Телеграмму решила не отправлять: - явлюсь супризом, то-то радости будет.

  Вокзал гудел, Петровна пробилась к кассе, сунула в окошечко смятую ассигнацию: - мне, милая, на электричку надоть, один значит билет.
- На электричку кончились, только на проходящие.
- Как это, кончились? - удивляется Петровна.
- Так будете брать?
- Буду, милая, буду, давай на проходящий.
- Только СВ.
- А мне все одно какой, лишь бы доехать, хушь на скамейке, все едино.
Когда кассирша объявила цену, обомлела: - Господи, пресвятая богородица! 
 Сидя на мягком диване дорого вагона долго еще расстраивалась: - эт надо, какие вагоны... Не для нас видать состроены... Только прынцам в них и ездить. Ну, да ладно… что сделано, то сделано... К гробу карманов не пришьешь... Леший с ними с деньгами-то.
 Здоровенный таксист осклабился: - ну, мать, на рынок что ль везешь?
- Скажешь тоже, на  рынок! Дочке везу, гостинца!
Сбрызнув подвядшую петрушку из загодя приготовленной бутылки, прикрыла корзину полотенцем,
- У вас тут, в Москве, все порченое, с химией, а у нас с витаминами, - пояснила она. Нечто с химии здоровья наберешься?
Протянула огурец: - Накось, пробуй.
Тот откусил: - ну мать, аромат... На закусь самое оно. Ждут?
- Супризом еду... Ясное дело, ждут, а как же.
 В сумерках улиц, зажглись фонари, столица затихала.
- Ты туточки в проулок заезжай, вон он, дом-то, на загагулину похожий, так прямо к третьему подъезду, где столб…  это я помню, как жа, - радовалась Петровна.
- На загагулину говоришь? Что ж тебя не встречают?
- Дык сказано уж, супризом еду!- сердится Петровна.

 Расплатившись с таксистом, Петровна взвалила на себя котомки, взяла корзину и поплелась к подъезду.
- Только б не упасть, сраму не оберешься. Нечего, выдюжу. Не след слабину давать, разнежилась в вагонах-то царских. Опосля войны, не разгибая спины работали, детей на ноги подымали, и ничего.
   Дверь открыл пацаненок лет восьми, веснушчатый, очки в пол-лица.
- Ты что, внучок, стало быть, не признал бабушку? - обиделась было Петровна и тут же опомнилась. - Как жа признать, столько не видались: а вырос-то как!
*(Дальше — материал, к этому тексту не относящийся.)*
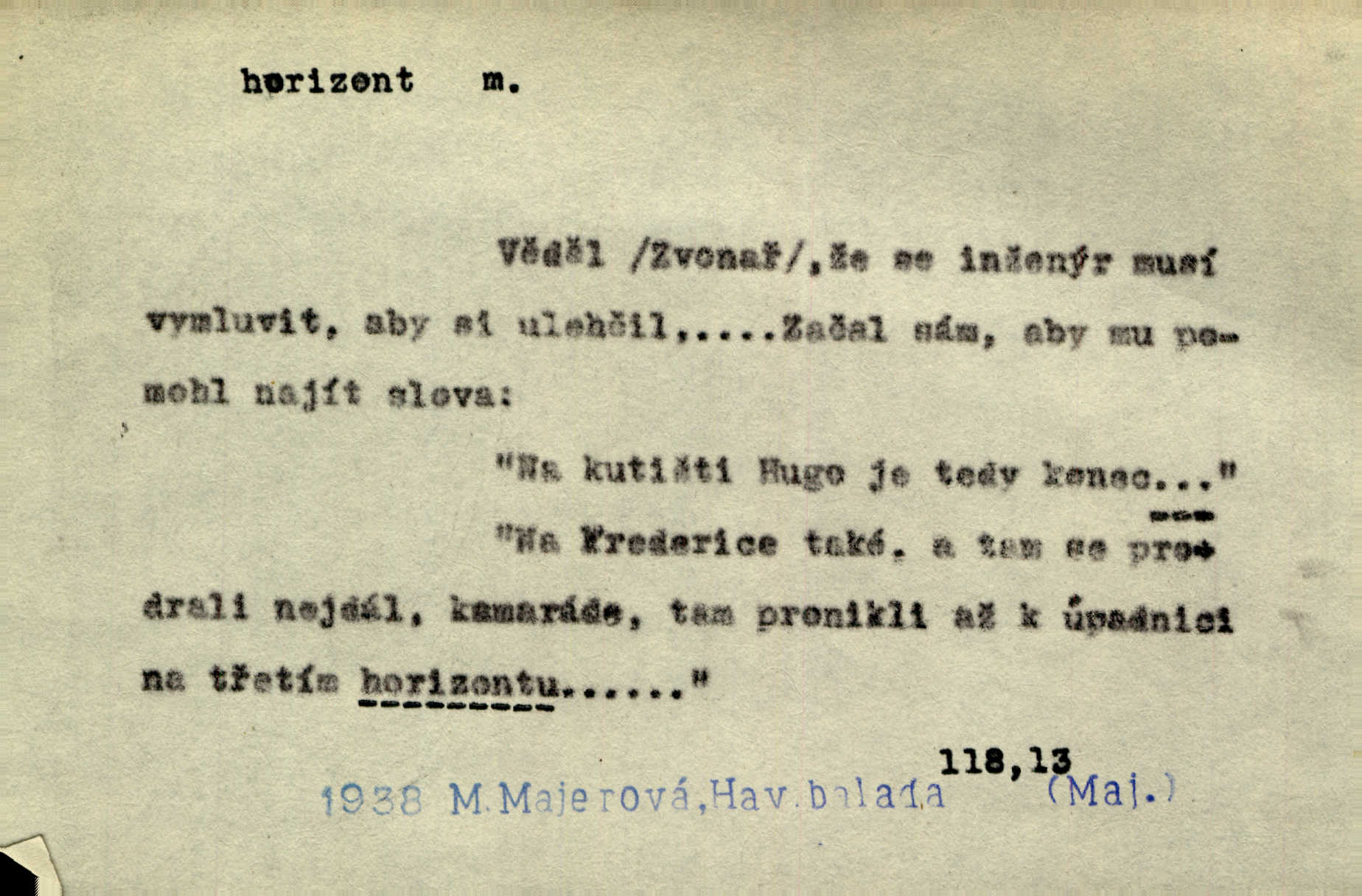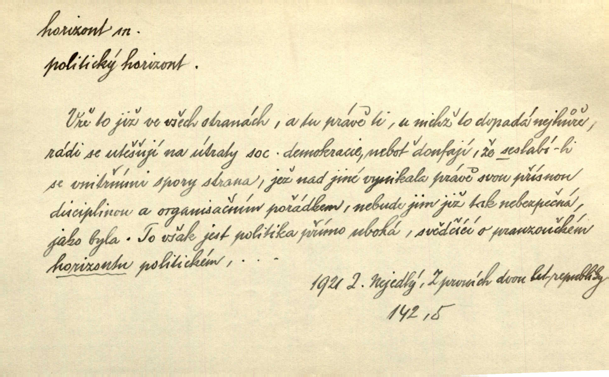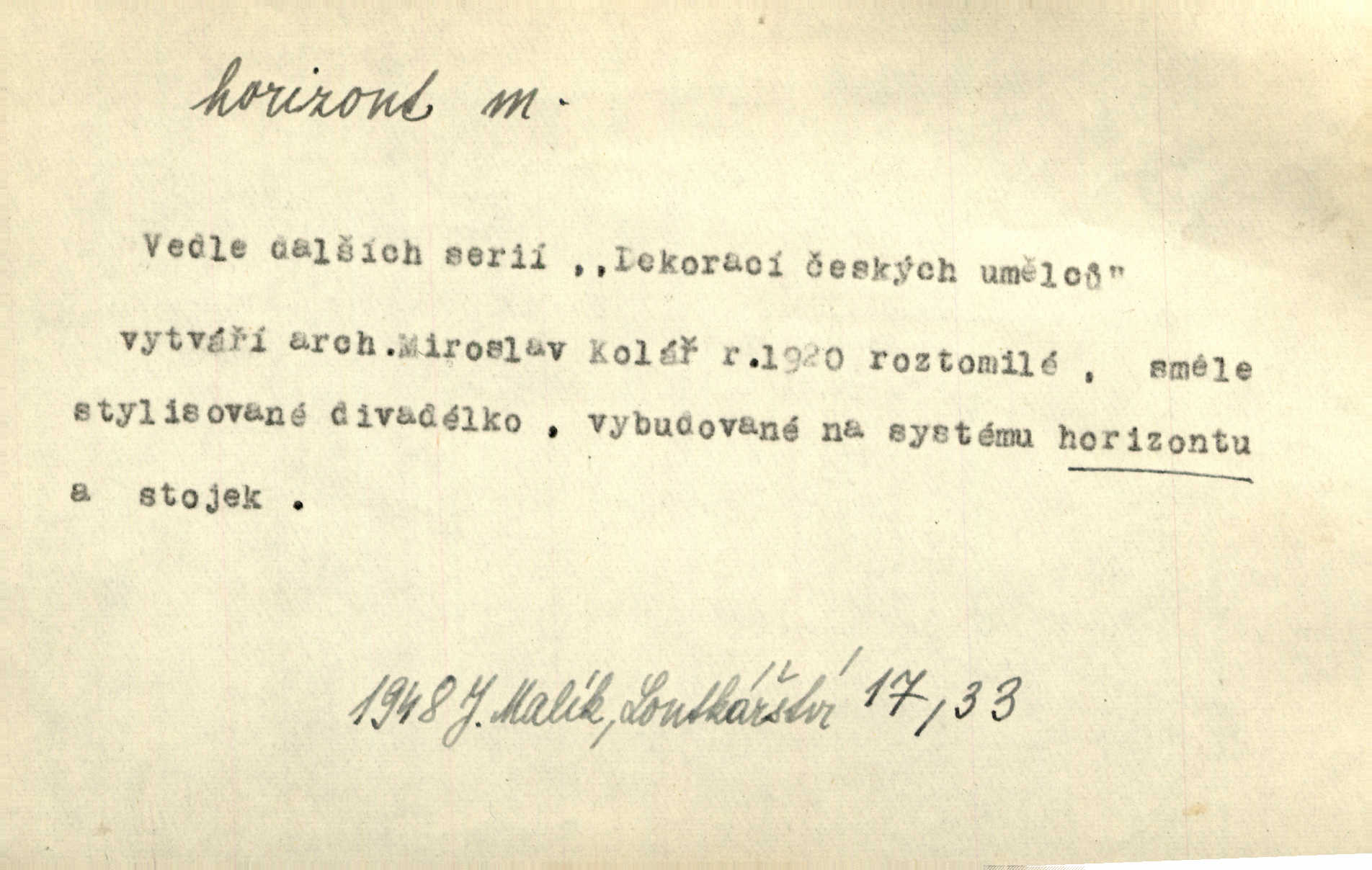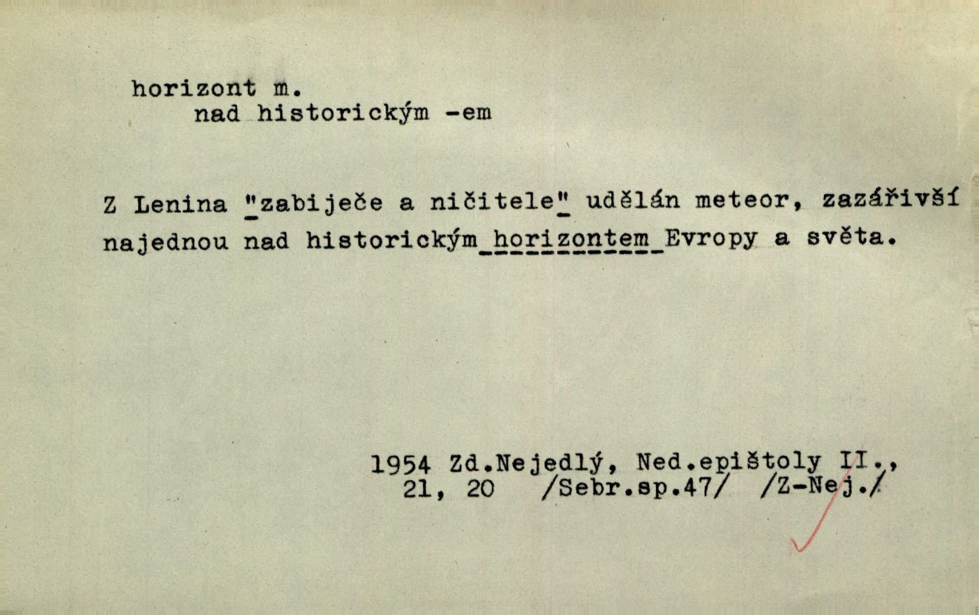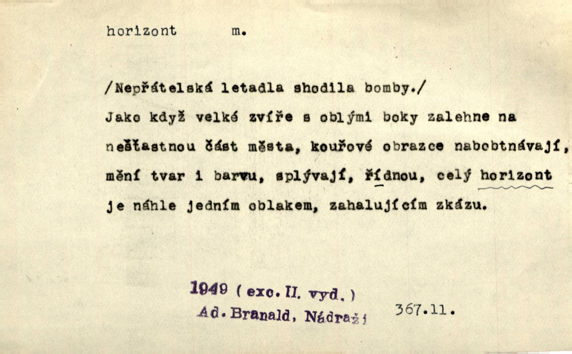 - horizont, -u m. povrch země a oblohy, který s nějakého stanoviska přehlížíme, obzor. Slunce stoupající výš a výše na horizontu. Her. Naposled člověk už neví, co je hora a co lehký oblak nahoře v horizontu. Mach. Za zdí a sloupořadím je viděti palestýnskou krajinu s velkým horizontem. Zey. Přen. Hálek snažil se otevříti poesii naší nové krajinné horizonty. Mach. Geol. vrstva hornin charakterisovaná přesně jistými zkamenělinami. Geom. v perspektivním zobrazování průsečík vodorovné roviny jdoucí okem se svislou rovinou obrazu. Geod. malá zrcadlící plocha k stanovení vodorovné roviny. Horizont umělý zrcadlo opatřené stavěcími šrouby a vodováhou. Horizont rtuťový zařízení, při němž se využívá vodorovné zrcadlící hladiny rtuti k stanovení vodorovné roviny. Horn. patro. Div. kulisy uzavírající pohled do hloubky jeviště. Kruhový horizont. D souhrn, soustava vědomostí a názorů, duševní obzor, duševní rozhled. Úředníci jsou lidé s náramně úzkým horizontem. Štech. No, no, mladíku, nesmíte hned ztratit horizont pozbýti rozvahy. Herrm. Jak velký horizont obepjat byl zde [u Sv. Čecha] diktátem tvůrčí vůle souverénní! Vrch. D výhled do budoucnosti. Změna děje se dle toho, jak politický horizont vypadá. Čas.

Да видно слепенький: знать, не доглядели.
 - На-ка вот, - протянула огурец, положила руку на вихрастую голову.  - Тебя ведь Пашкой кличут, как жа, чай помню, Пашка и есть. Вона, конопатый какой, весь в мать. Пацан дернулся из под ее руки, надулся, отошел вглубь коридора.
- А мать - то где? – засуетилась Петровна. - На работе.
- А отец? - Тоже...
- Ну, вот и ладно. Все, значитца, при работе… А то вона скоко народу без работы ходют, беда. Я, стало быть, подожду. А ты иди, коль надо, учи уроки-то.
 
 Потоптавшись возле порога, присела в прихожей на табурет, огляделась. – Ничего живут… По всему видать, справно… А ковры-то какие, страшно по им и ходить-то. Слава тебе Господи, дождалась дочка своего счастья!
Счас придут, а я уж тут… Радости – то будет! А внучок, ничего, за неделю обвыкнет. Чай не чужие...
  Послышался шум открываемого замка, в дверях показалась дочь, Петровна бросилась обниматься.
- Доча, ты ли? Эка, какая  дородная, не узнать!
- Вы чей-то, мама? Что случилось? Хоть бы телеграмму дали.
- А я так, супризом, воркует Петровна. Че, думаю, народ беспокоить, еще готовиться будут… А мне ведь ниче, дочка, не надо, гляну на тебя, да и поеду с Богом. Вот, гостинец привезла с огорода, все свежее, с гряды. Чай соскучилась по домашнему?
- Зря это вы, мама... сейчас все на рынке есть.
- Дык, оно конечно, только домашнее все же лучше, пользительней.
 Дочь вздыхает: - обратно когда?
- Не знаю пока… Там видно будет… Погляжу, как вы тут живете, и поеду. Мне что, чай не на работу. А за огородом соседка смотрит. 
Петровна замолчала, не зная о чем еще говорить.
- Может помочь чего?
- Ах, мама, оставьте. Идите в ванную, руки мойте, ужинать будем.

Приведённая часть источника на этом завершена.